Saved entries:
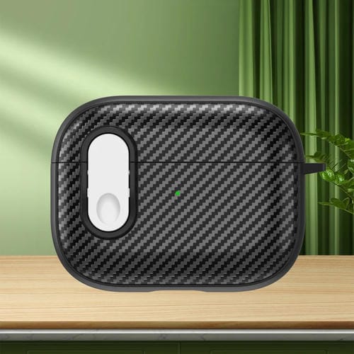 For AirPods Pro 2 Wireless Earphone Case Carbon Fiber Texture with Security Lock (White)
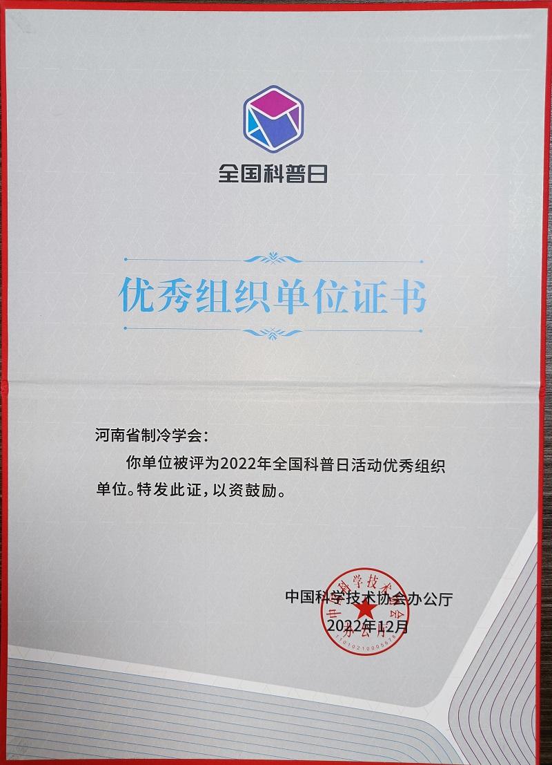河南省制冷学会再次蝉联2022年全国科普日活动优秀组织单位
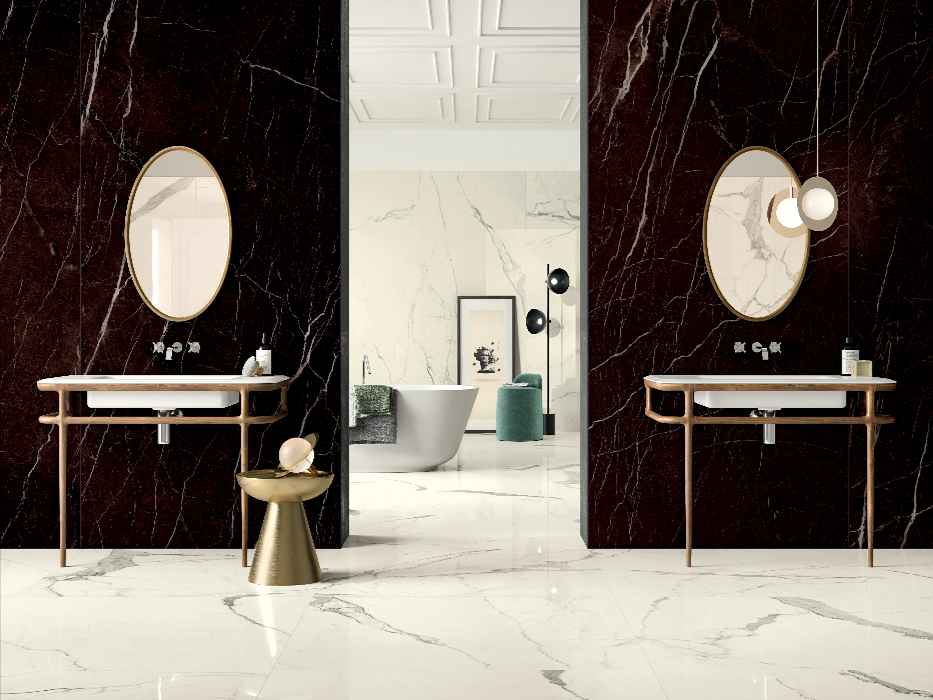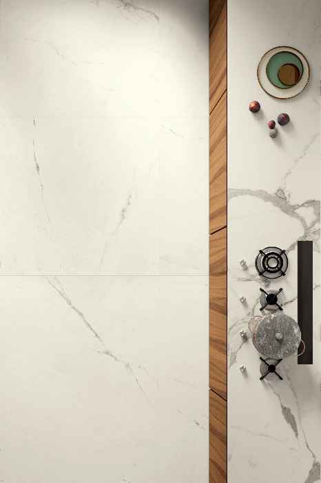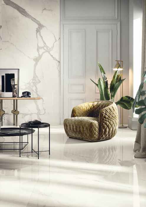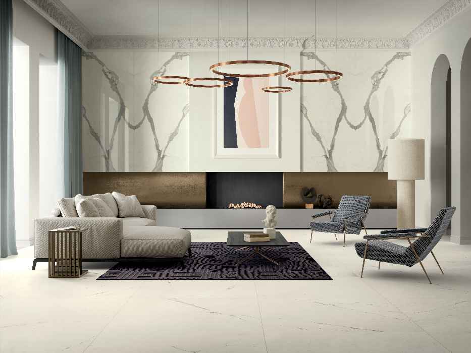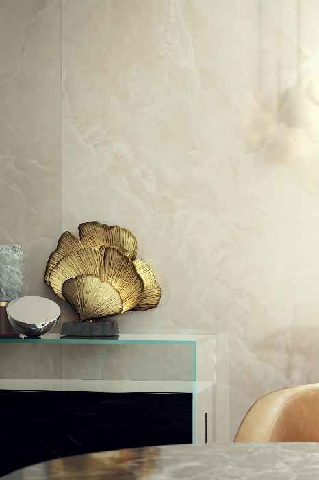 The collection offers a range of sophisticated tones and glossy or touch finishes, allowing for flexibility in architectural and interior design. Its surfaces convey a sense of lightness and clarity while maintaining the depth and richness of marble.
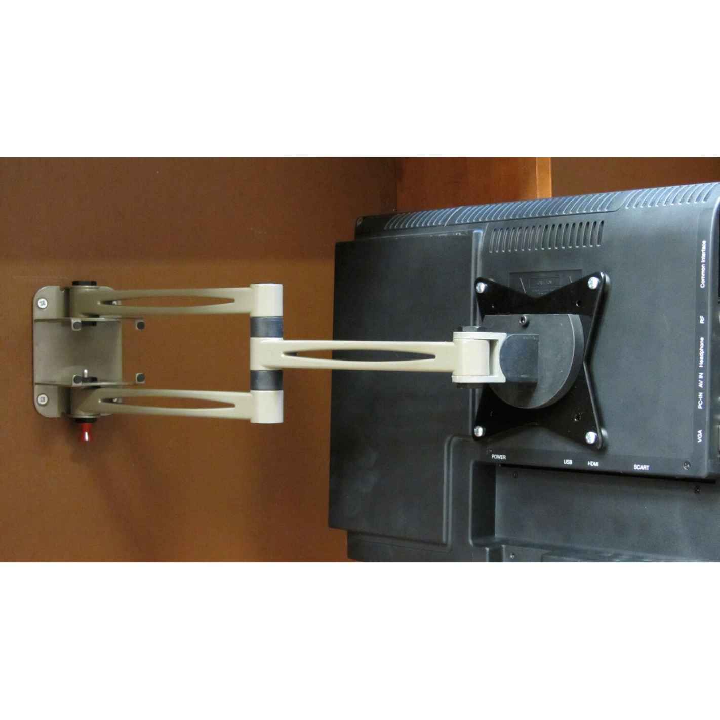 Modèle : 2 articulations. Déport : 26 cm. Avec supports pour câbles.Charge max. : 8 kg. VESA 75/100. Avec clé Allen (3mm et 5 mm)et kit de fixation.
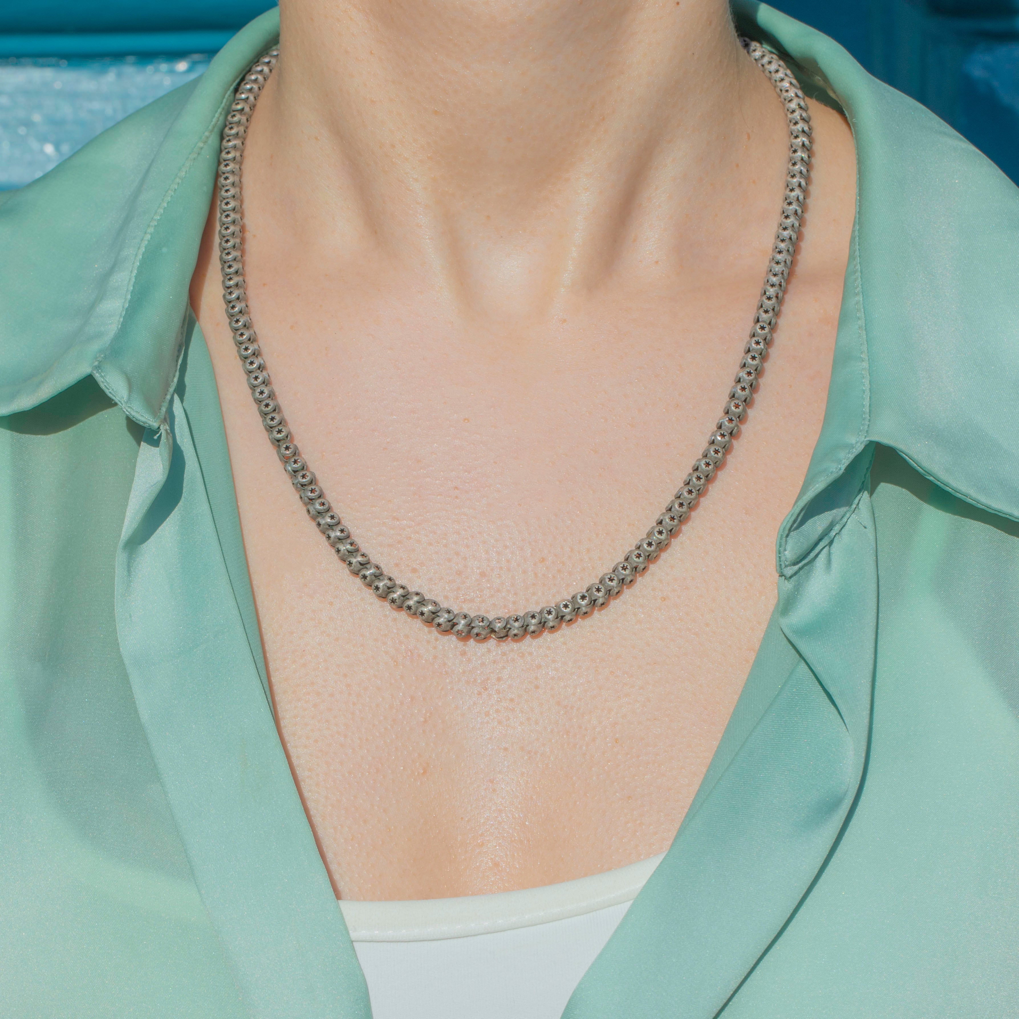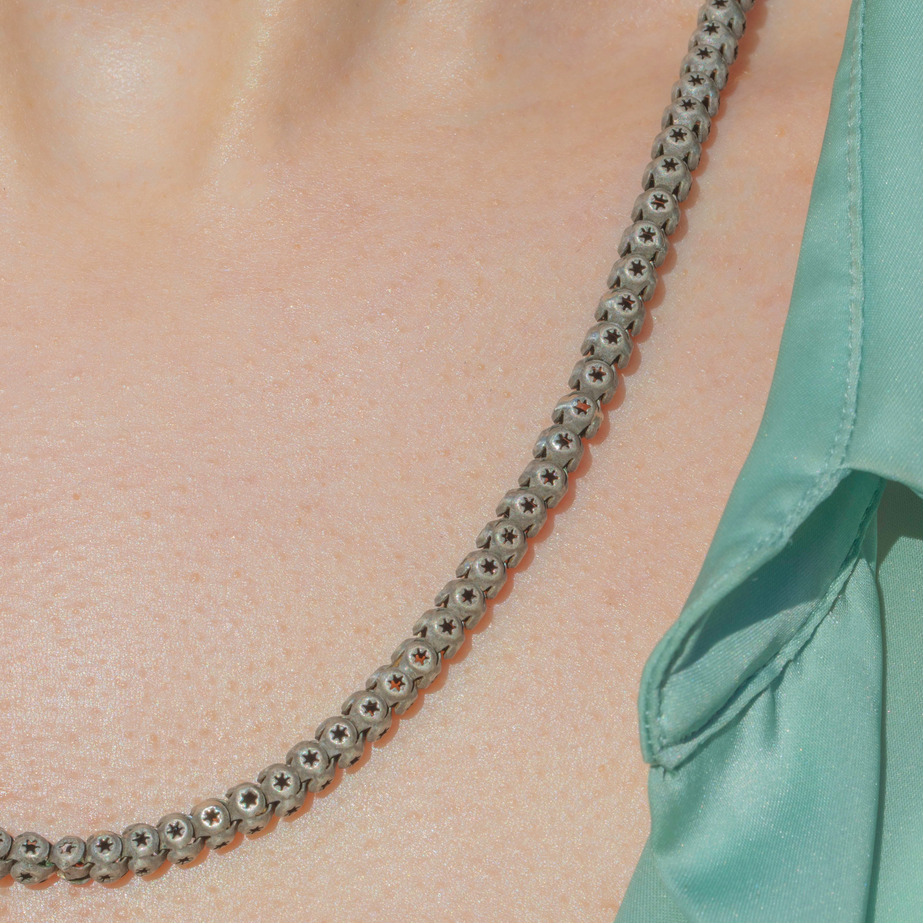 This Victorian Silver pierced star link chain is a chunky delight and will make an impact adorning your décolletage! The rounded box links have been exquisitely crafted, each one displaying an intricately pierced star on every side.
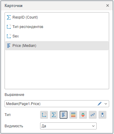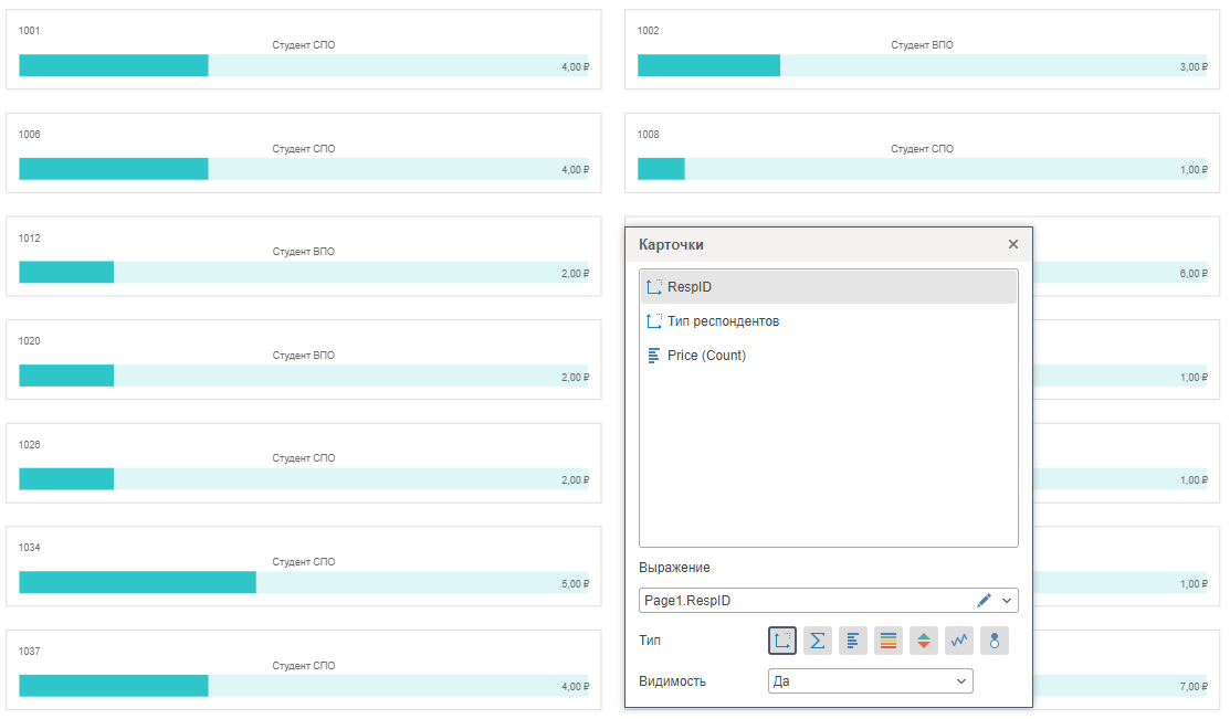 В нем осуществляется добавление полей с данными, определяется порядок их вывода в каждой карточке, удаление, а также включение различных типов графического анализа данных.
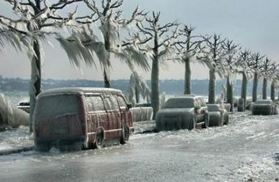 Picture of a snow-covered street that got so cold just about everything is completely iced over.
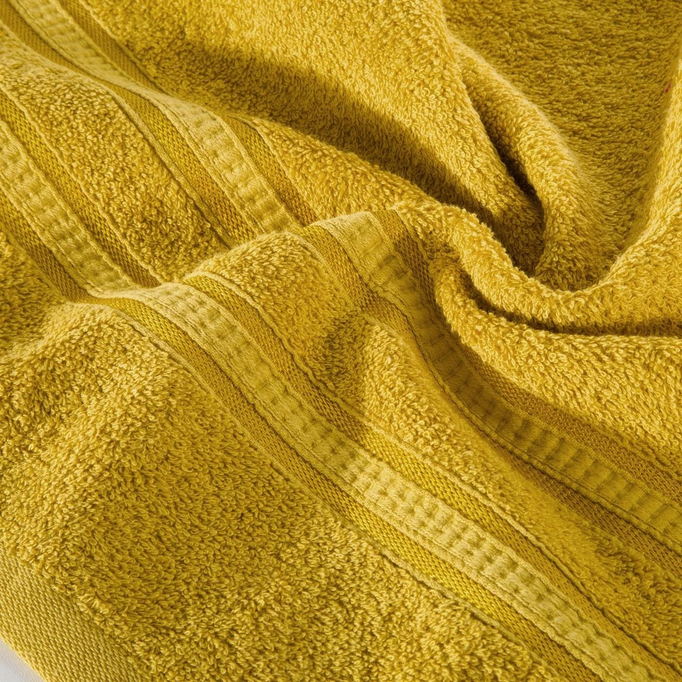 Ręcznik bawełniany z ozdobną bordiurą szerokość: 70 cm, długość: 140 cm, kolor: musztardowy, Gramatura: 500 GSM, Skład: 100% wiskoza z włókna bambusowego; część ozdobna: 100% bawełna
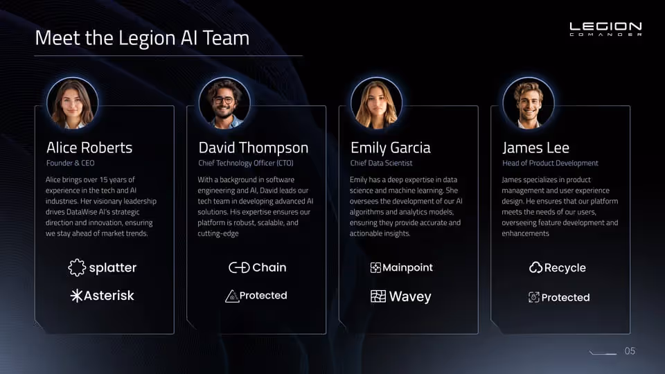 The pitch deck played a pivotal role in Legion Commander’s fundraising efforts, helping them secure $2.5M in funding. With this success, Legion Commander was able to accelerate development and scale their platform, solidifying their position in the AI-driven analytics space.
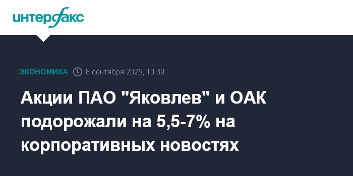 Акции ПАО "Яковлев" и ОАК подорожали на 5,5-7% на корпоративных новостях
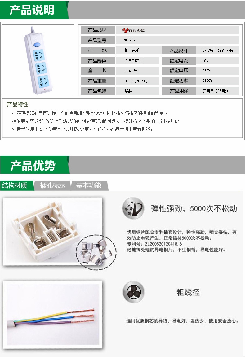 5. 公牛版转换器GN-212 1.8米
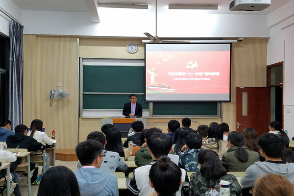 开班仪式结束后,马克思主义学院唐忠宝副教授进行了以习近平同志“七一”重要讲话精神解读为主题的讲座。唐老师以“不忘初心”作为引入点,引经据典、旁征博引,以当下热议的话题为佐证全面透彻地讲述了有关“马克思主义、共产主义、四个自信、全面建成小康社会、全面深化改革、以人为本、和平发展、全面从严治党”的八个“不忘初心”。他着重强调了“信仰”,认为“信仰就是人生存下来的意义,共产主义就是这样一种信仰”。讲座现场因唐老师的诙谐幽默、妙语连珠而笑声不断,最后讲座在同学们热烈的掌声中落下帷幕。
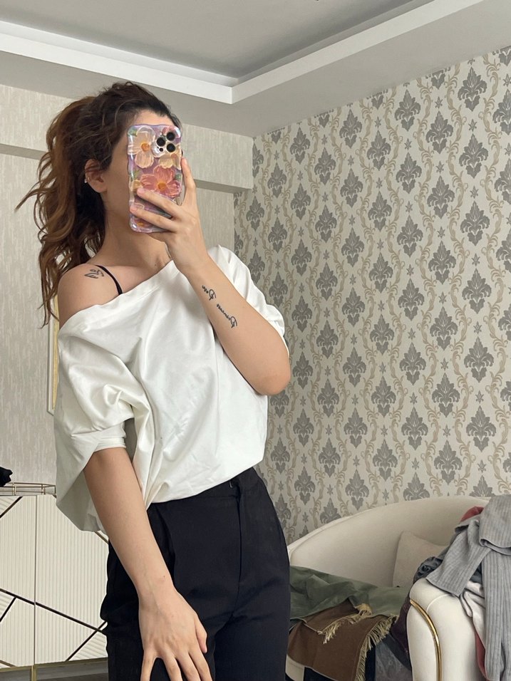 Pamuklu beyaz bluz, straplez yaka ve kısa kollu, rahat kesimiyle bağlama desenli. Günlük sokak stiline uygun, zahmetsiz şıklık sunar.
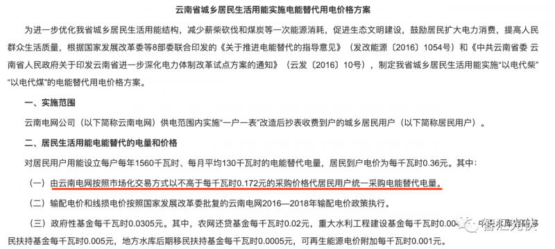 根據云南省人民政府2016年7月29日下發的《云南省城鄉居民生活用能實施電能替代用電價格方案的通知》,豐水期執行的是不高于0.172元/kWh的統購價格!

● **TASK TO CARRY OUT**: The required result is the entries above, printed exactly from the first line through the line with "Modèle : 2 articulations.", pictures excluded.

● **YOUR RESPONSE**:
 For AirPods Pro 2 Wireless Earphone Case Carbon Fiber Texture with Security Lock (White)
河南省制冷学会再次蝉联2022年全国科普日活动优秀组织单位
 The collection offers a range of sophisticated tones and glossy or touch finishes, allowing for flexibility in architectural and interior design. Its surfaces convey a sense of lightness and clarity while maintaining the depth and richness of marble.
 Modèle : 2 articulations. Déport : 26 cm. Avec supports pour câbles.Charge max. : 8 kg. VESA 75/100. Avec clé Allen (3mm et 5 mm)et kit de fixation.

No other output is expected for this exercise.